Bernard Arnault's luxury giant has bought the American jewelry in a $16,2 billion deal

LVMH has officially acquired Tiffany&Co.  Bernard Arnault's luxury giant has bought the American jewelry in a $16,2 billion deal

UPDATE 25.11: after the leaks surfaced yesterday, the news is now official. Bernard Arnault's luxury giant has officially acquired Tiffany&Co., the historic American jewellery with more than 180 years of history, in a $16,2 billion deal, paid in cash, approximately $135 per financial action. LVMH continues in this way the diversification of its stock portfolio, ranging from luxury fashion brands such as Louis Vuitton, Dior, Celine, fine jewellery by Bulgari, cosmetics, champagne, basically redefining modern luxury. 

 

 

LVMH is interested in entering one of the fastest-growing sectors of the luxury market: jewellery. As reported by the Wall Street Journal, in fact, the French giant would be interested in the acquisition of Tiffany&Co. The offer would amount to $14.5 billion dollars (nearly €13 billion euros), valuing about 120 dollars (about 108 euros) per share reached by the U.S. chain of stores at the closing of Wall Street last Friday. 

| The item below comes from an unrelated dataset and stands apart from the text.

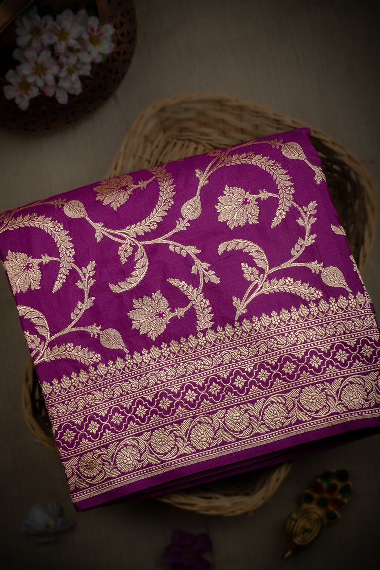 Varamahalakshmi Deep Magenta & Gold Banarasi Jaal Saree

If the acquisition succeded, it would be the largest operation ever made by the French luxury group, even bigger than the one to acquire the Christian Dior label in 2017, valued €12 billion. Bernard Arnault not only wants to add to Cartier and Bulgari, already owned by him, an iconic brand made immortal by the famous movie starring Audrey Hepburn, but, above all, he wants to consolidate his position on the American market, as confirmed by the new LVMH factory opened in Texas last week with the presence of Donald Trump and his daughter Ivanka

According to the Financial Times, Tiffany is set to reject the offer, with the report saying the offer was too low. All this despite the brand's not going through a positive period. Recently, the jewellery chain has seen its revenues stop at $4 billion a year and its stocks fall to $60 per share. At the moment, under the leadership of Alessandro Bogoglio, the American giant is trying to find a new stability. Among its first steps were the restyling of the flagship store on the Fifth Avenue in New York and of its London store in Covent Garden, which has also opened a restaurant, and the launch of a line of men's jewellery.